Records for processing:
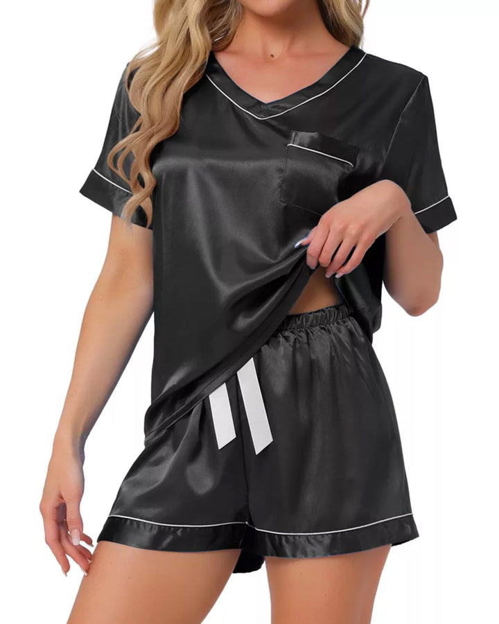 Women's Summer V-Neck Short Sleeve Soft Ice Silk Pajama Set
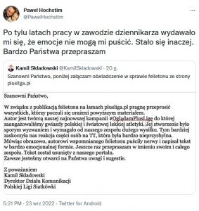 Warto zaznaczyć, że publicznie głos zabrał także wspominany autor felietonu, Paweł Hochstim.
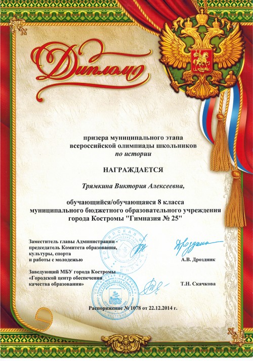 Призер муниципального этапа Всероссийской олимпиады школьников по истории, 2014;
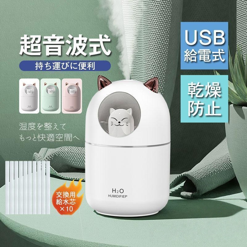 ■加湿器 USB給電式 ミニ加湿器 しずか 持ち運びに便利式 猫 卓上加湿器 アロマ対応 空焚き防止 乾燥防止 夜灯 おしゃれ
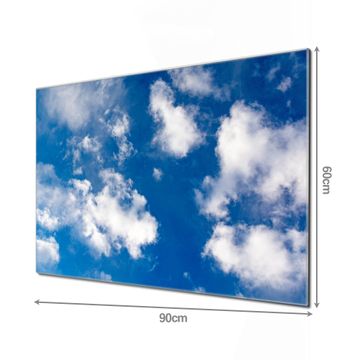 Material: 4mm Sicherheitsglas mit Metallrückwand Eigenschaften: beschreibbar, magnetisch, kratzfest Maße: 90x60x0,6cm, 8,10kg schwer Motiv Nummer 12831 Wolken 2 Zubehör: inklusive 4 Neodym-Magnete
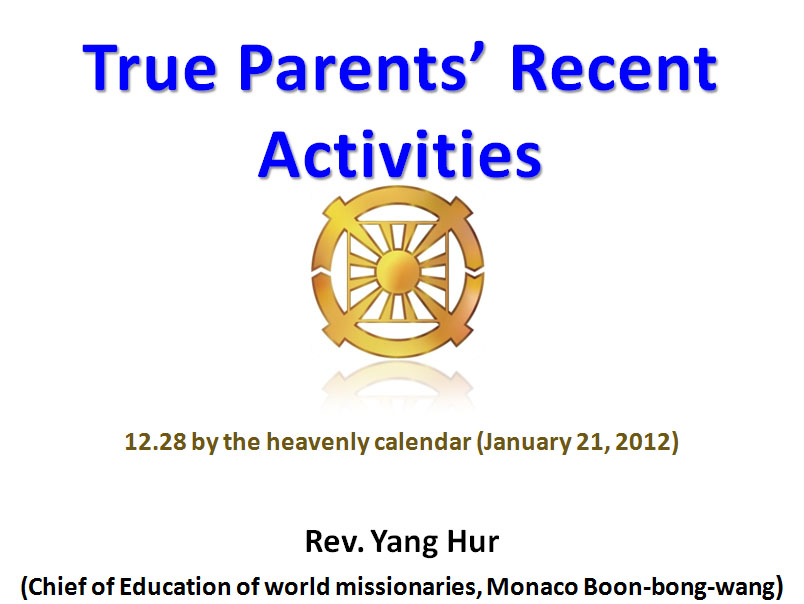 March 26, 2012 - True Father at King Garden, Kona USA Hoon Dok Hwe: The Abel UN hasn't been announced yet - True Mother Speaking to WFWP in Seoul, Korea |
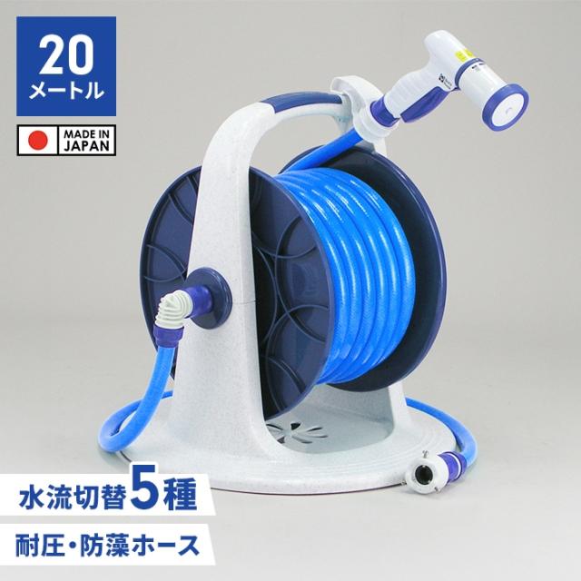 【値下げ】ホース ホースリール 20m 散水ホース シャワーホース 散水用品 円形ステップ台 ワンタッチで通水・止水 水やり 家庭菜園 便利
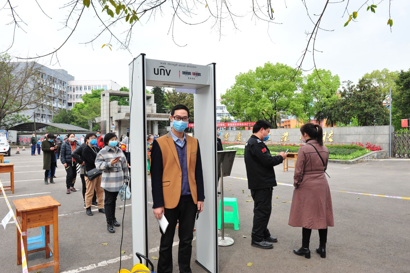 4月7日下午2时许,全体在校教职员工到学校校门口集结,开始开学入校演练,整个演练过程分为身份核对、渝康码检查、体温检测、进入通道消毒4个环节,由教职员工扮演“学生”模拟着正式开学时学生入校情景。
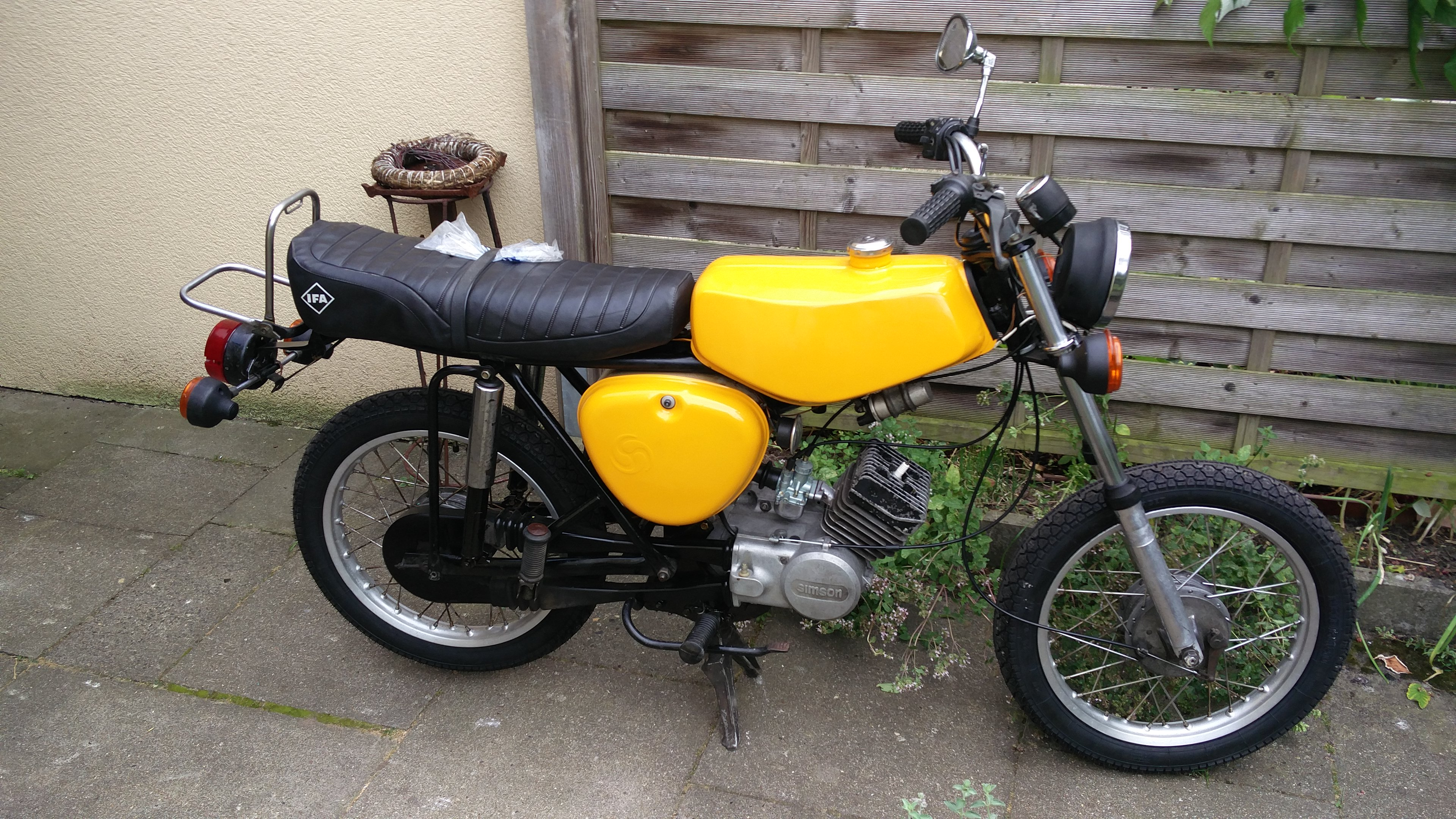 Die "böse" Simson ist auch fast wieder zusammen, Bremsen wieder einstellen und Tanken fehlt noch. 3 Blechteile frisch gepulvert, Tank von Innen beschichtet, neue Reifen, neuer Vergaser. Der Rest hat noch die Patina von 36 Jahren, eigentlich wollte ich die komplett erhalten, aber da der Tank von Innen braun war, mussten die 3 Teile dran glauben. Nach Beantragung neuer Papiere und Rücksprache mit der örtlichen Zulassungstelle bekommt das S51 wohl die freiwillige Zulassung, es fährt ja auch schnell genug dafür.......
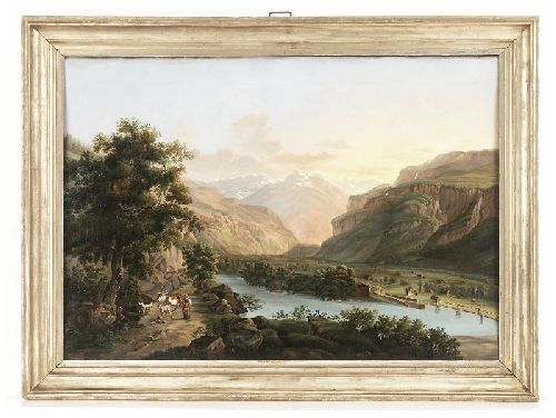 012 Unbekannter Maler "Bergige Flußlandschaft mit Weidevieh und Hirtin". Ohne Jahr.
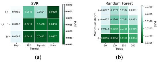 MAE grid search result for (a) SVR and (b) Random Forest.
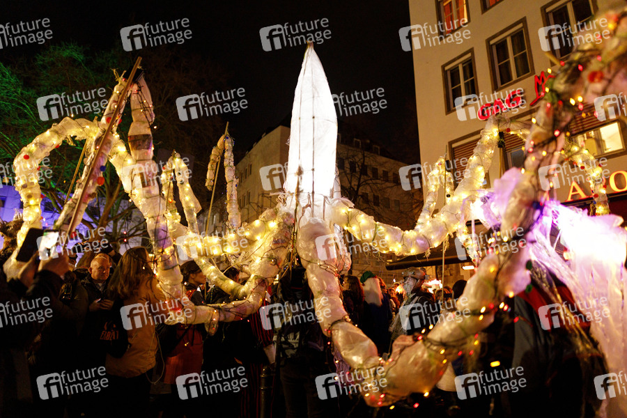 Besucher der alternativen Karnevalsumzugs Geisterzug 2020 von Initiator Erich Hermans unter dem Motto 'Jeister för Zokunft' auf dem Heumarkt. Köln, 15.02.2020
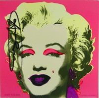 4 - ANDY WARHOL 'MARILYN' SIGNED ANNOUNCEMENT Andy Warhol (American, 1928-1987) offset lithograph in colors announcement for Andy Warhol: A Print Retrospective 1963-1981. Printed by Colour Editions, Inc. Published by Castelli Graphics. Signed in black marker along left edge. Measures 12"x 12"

Task objective: Write out again, exactly, each line from the one containing "Besucher der alternativen" through the last line of the entries, and omit every picture.

Output for this exercise:
 Besucher der alternativen Karnevalsumzugs Geisterzug 2020 von Initiator Erich Hermans unter dem Motto 'Jeister för Zokunft' auf dem Heumarkt. Köln, 15.02.2020
 4 - ANDY WARHOL 'MARILYN' SIGNED ANNOUNCEMENT Andy Warhol (American, 1928-1987) offset lithograph in colors announcement for Andy Warhol: A Print Retrospective 1963-1981. Printed by Colour Editions, Inc. Published by Castelli Graphics. Signed in black marker along left edge. Measures 12"x 12"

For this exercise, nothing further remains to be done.